With your first box of ammunition:

  • Five rounds slowly in quarter-square paper. Two-hand slow fire. Work on your sights, trigger, and grip.
  • Four rounds with one-hand slow and accurate fire. Support hand on your chest.
  • Five rounds from a high-ready position, one round at a time. Don’t move your body; just punch the weapon up and out. Get a follow-through trigger reset and sights.
  • Five rounds of draw-and-fire single shot. Same-size target for first-shot placement guarantee. Work on your draw times.
  • Three magazines with three-four rounds each. Draw and fire full magazine as fast as you can hit an “A” zone ISPCA target. Work on your rhythm sets and shot breaks. Goal is .20–.33 breaks consistently.
  • Three magazines with four rounds each. Draw and fire three to the body and one to the head. Work on your transition times, draw times, and shot breaks.
  • Two magazines with six rounds each. Shoot three to the center mass, two to the pelvic area, and one to the head to finish.

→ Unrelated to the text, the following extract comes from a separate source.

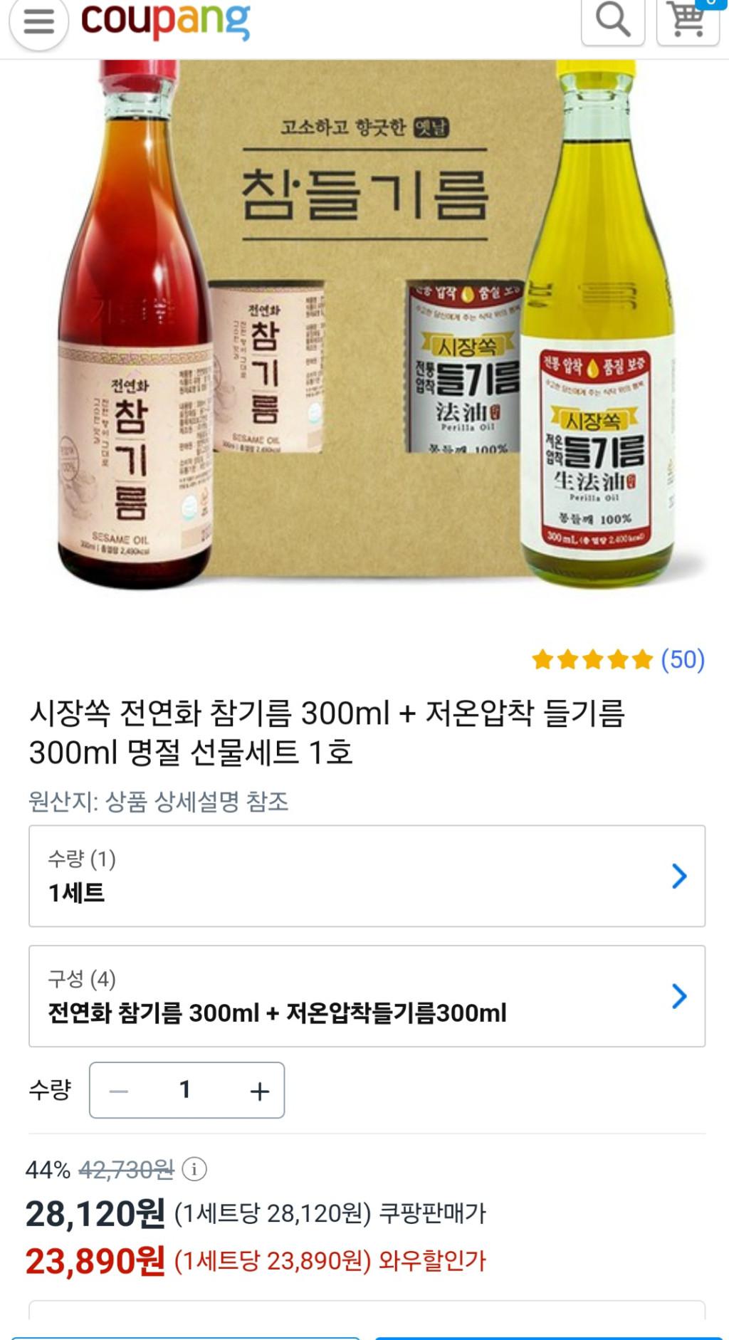[쿠팡] 전연화 참기름+들기름 각300ml 선물세트

With your second box of ammunition:

  • Five rounds, with one round in each magazine. Draw and fire one round to your head target (index card). Change magazine four times, for a total of five rounds. Use a shot timer. Draw should take less than 3 seconds from concealment facing 90 degrees away. Each magazine change should take 3 seconds or less.
  • Two magazines with nine rounds each. Two staggered targets (e.g., one at 7 meters and one at 12 meters). Draw and fire three rounds to the center mass of target one, transition to target two for another four rounds, then back for a head shot, one at each target.
  • Three magazines with three, four, and five rounds each. These are rhythm drills to achieve shot breaks between a maximum of .33 and ideally .20. Focus on rhythm. Once you can do this well, just use magazines of five rounds and increase distance.
  • Ten rounds in one magazine. Start with the gun out in two hands extended. Then bring it in and put it in the support hand. Punch it out single handed and fire two rounds. Next, bring the gun back in and go back to your strong hand but don’t fire. Then repeat the process five times (for a total of ten rounds, all fired from your support hand).
  • Seven rounds divided in two magazines of three and four (mix them up). Practice walking with your weapon at the high ready, as if searching an unsecured area. Use a flashlight in your non-shooting hand. Start 15–20 meters from your target. Walk in search mode and engage your target with one of the two magazines, allowing the reload to surprise you. Repeat.